Ils ne se cachent même plus la nuit. On les voit partout, parfois en mouvement, en groupe aussi, parfois, de deux ou trois. Parfois aussi contre une colonne, sous les arches, ils vous regardent et ne vous regardent pas. Ils s’entretiennent entre eux, comme des insectes ayant trouvé des miettes, la parole les nourrit. On les voit partout, on pense qu’ils errent dans les canalisations bernoises. On pense qu’ils errent parce qu’on essaie de ne pas les voir. Dans les faits, leur parcours est tout tracé, immanquable, ils l’ont choisi bewusst ou unbewusst dès qu’ils ont commencé la descente, à nous quitter. Long processus, ils ne se sont pas réveillés un jour, dans leur lit, avec la vie alentour beaucoup trop grande.Parfois on les regarde. Mais pas trop longtemps. On ne peut les regarder trop longtemps, soleils éblouissants de crasse, impression dégueulasse sur la rétine. Nous sommes attirés par ce fond de cuvette, l’eau des poubelles, la fascination malsaine des ténèbres.

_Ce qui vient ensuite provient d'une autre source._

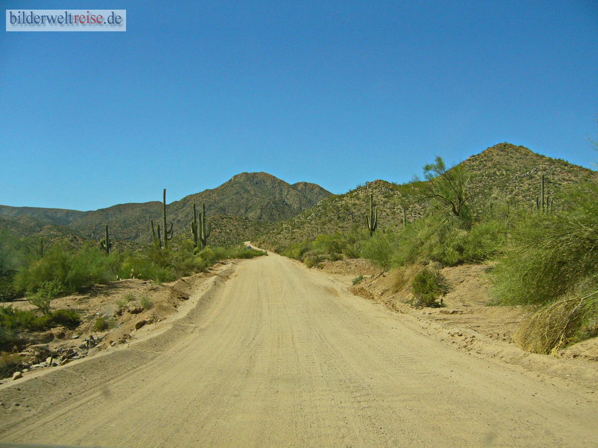 Der Weg führte uns weiter über den versteinerten Petrified Forest, ein Nationalpark, in dem versteinerte Baumstämme aus der Trias-Zeit zu finden sind, den Oak Creek Canyon nach Sedona. Von dort sind wir den Apache Trail, eine Tagestour auf alten Indianerpfaden, gefahren.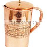 IndianArtVilla Handmade Designer Pure Copper Jug Pitcher With Lig 1300 ML - Storage Drinking Water Home Hotel Restaurant

Parfois on les regarde. Mais pas longtemps, car trop longtemps c’est perdre son âme, commencer la descente. Qui les regarde trop longtemps est soit trop purement humain, soit un rêve éveillé, car de telles personnes n’existent plus. Qui les regarde trop longtemps sent la souillure dans son intériorité, sent la proximité de son frère.